FILTER	`EXISTS`, `NOT EXISTS` or non-deterministic functions, e.g. `RAND`, cannot be used in filters
BIND	`EXISTS`, `NOT EXISTS` or non-deterministic functions, e.g. `RAND`, cannot be used in bind expressions
UNION	No limitations

In addition to the above rules Blackout only supports limited forms of recursive rules. Only recursive rules that can be translated to SPARQL property paths are supported.

Stride Reasoner (Alpha)

Stride reasoner has been introduced in Stardog 9.0 and is currently in alpha state. It is designed to support more expressive rules and exhibit more robust performance but is currently not recommended for production usage.

Stride only supports the following RDFS and OWL constructs and ignores any other axiom regardless of the reasoning.type option value:

Terms	Description
`rdfs:subClassOf`, `owl:equivalentClass`	Class hierarchies and inheritance between named classes
`rdfs:subPropertyOf`, `owl:equivalentProperty`	Property hierarchies and inheritance between properties
`owl:inverseOf`, `owl:SymmetricProperty`	Inverse properties
`owl:TransitiveProperty`	Transitive properties

The following table lists patterns (and the corresponding restrictions) which can be used in the body of a user-defined rule supported by Stride:

Rule Features	Limitations
Triple patterns	No variables in predicate position or object position if the predicate is `rdf:type`. No property path operators `*`, `+` or `?`.
FILTER	Non-deterministic functions, e.g. `RAND`, cannot be used in filters
BIND	Non-deterministic functions, e.g. `RAND`, cannot be used in bind expressions
UNION	No limitations
VALUES	No `UNDEF` values
GROUP BY	No cyclic dependencies between rules involving GROUP BY

Stride behaves differently compared to Blackout if there is an invalid rule in the schema. Blackout logs such problematic rules or axioms and performs reasoning with the valid rules and axioms. This might cause subtle issues as errors in Stardog log can easily go unnoticed. Stride, on the other hand, will refuse to do any reasoning if there is an invalid rule or axiom requiring the user to fix the issue first. Note that, if multiple schemas are being used, errors in one schema will not affect reasoning with other schemas. Rules causing problems can be moved to named graphs outside the schema graphs so they can be fixed without preventing reasoning with other rules.
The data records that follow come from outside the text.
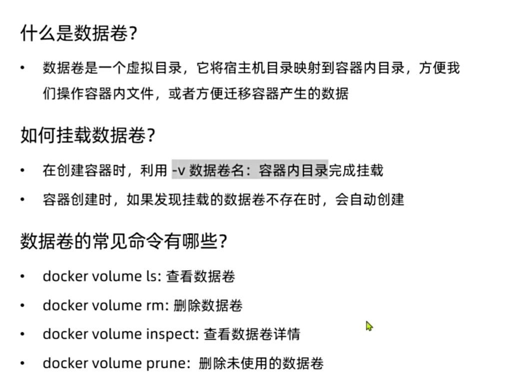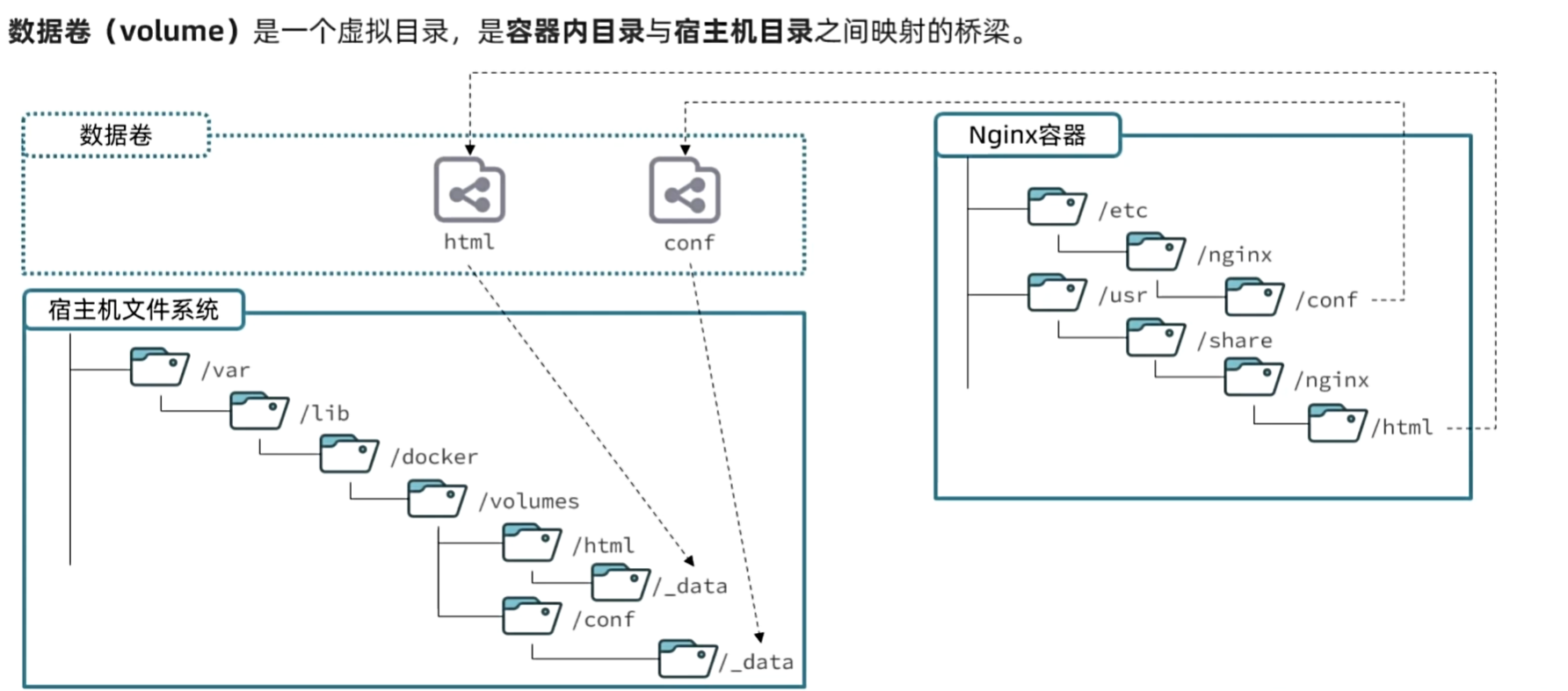 "数据卷就是 Docker 在宿主机上自动开辟的一块专属目录,容器启动时把它'挂靠'到容器里的某个路径,两边对同一块磁盘读写,实现数据持久化 + 实时共享。"
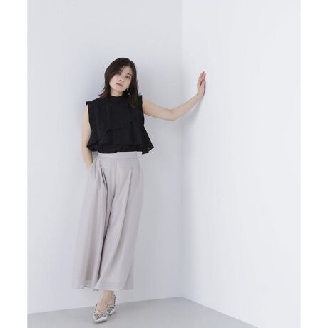 裾幅をふんだんに取ったフレアシルエットのワイドパンツ。動くたびにふわっと揺れ感のあるシルエットを演出します。フロントのタックは中縫いを入れることで、腰まわりをすっきりと見せながら程よくカバー。ウエストはベルト切り替えを入れつつ、後ろはゴム仕様のため、楽に着脱できるリラクシーなはき心地です。<素材>柔らかく程よい透け感のある合繊シアー素材を使用。透けにくい裏地が付いているので安心感のある着心地です。<詳細>仕様・開閉なし裏地・あり透け感・あり / 光沢・なし / 伸縮性・なし生地の厚さ・薄手※モデルの着用画像の場合、光の当たり具合により、実際の色味と異なって見えることがございます。色味は、商品単体の画像をご参照ください。
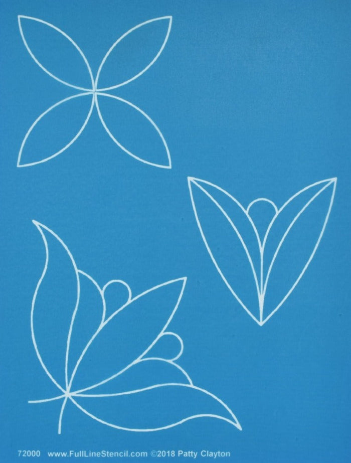 This Full Line Stencil pattern was designed by Patty Clayton specifically for the Disappearing Hourglass quilt pattern – although you can use it any way you want. What a fun way to quilt this pattern though! It looks hard but it’s an easy quilt to make with precut layer cake fabrics. Check out the video on YouTube by Jenny Doan from Missouri Star Quilt Co. Now you can get a stencil to fit it perfectly! You can use it in other 10" blocks too, there are a few examples in the gallery. The four petal design measures approx. 3 1/2" square along with the flower bud. The open flower design is approx. 5" x 5" ©2019 Patty Clayton

Stride reasoner in its alpha status does not support reasoning for triple patterns that have variables in the predicate position or that have rdf:type in the predicate position and a variable in the object position. Such triple patterns will be answered without reasoning as if #pragma reasoning off hint has been used for that triple pattern. This limitation will be lifted in the future release.

Query Answering with Reasoning

As explained above Stardog uses a query time reasoning approach so you do not need to do anything up front when you create your database or add data into your database if you want to use reasoning. You need ot enable reasoning for your queries. All of Stardog’s interfaces (API, network, and CLI) support reasoning during query evaluation. All types of queries (that is, SELECT, ASK, CONSTRUCT, PATHS, DESCRIBE, VALIDATE) can be evaluated with reasoning. When reasoning is enabled, it applies to all query patterns in WHERE and VIA blocks.

When reasoning is enabled, the query execution will take into account the axioms and rules in the schema. There is one default schema associated with a database but in addition there can be multiple named schemas as explained in the next section. Reasoning queries will use the default schema by default but a different reasoning schema can be selected for queries.

When reasoning is enabled for a query, it is possible to selectively disable reasoning for certain parts of the query using the #pragma reasoning hint. See Reasoning Query Hints

CLI

In order to evaluate queries in Stardog using reasoning via the command line, we use the --reasoning flag in the query execute command:

$ stardog query execute --reasoning myDB "SELECT ?s { ?s a :Employee }"

This will use the default reasoning schema for the database. A named schema can be specified using th --schema option:

$ stardog query execute --schema schema-1.0 myDB "SELECT ?s { ?s a :Employee }"

HTTP

For HTTP, the reasoning flag is specified either with the other HTTP request parameters:

$ curl -u admin:admin -X GET "http://localhost:5820/myDB/query?reasoning=true&query=..."

or, as a segment in the URL:

$ curl -u admin:admin -X GET "http://localhost:5820/myDB/query/reasoning?query=..."

See the HTTP API for a detailed look at the API to perform a SPARQL query with reasoning enabled.

Programmatically

See the chapter on Programming for the details of how to use reasoning from the various programming languages Stardog supports.

Reasoning Schemas

A reasoning schema is simply one or more named graphs that contain RDFS/OWL axioms and user-defined rules. The schema elements stored in the corresponding named graphs are automatically identified and extracted by Stardog. There is a default schema associated with each database which is configured by the reasoning.schema.graphs database configuration option. The default value for this option is the special named graph tag:stardog:api:context:local which is the wildcard for all local graphs including the default graph.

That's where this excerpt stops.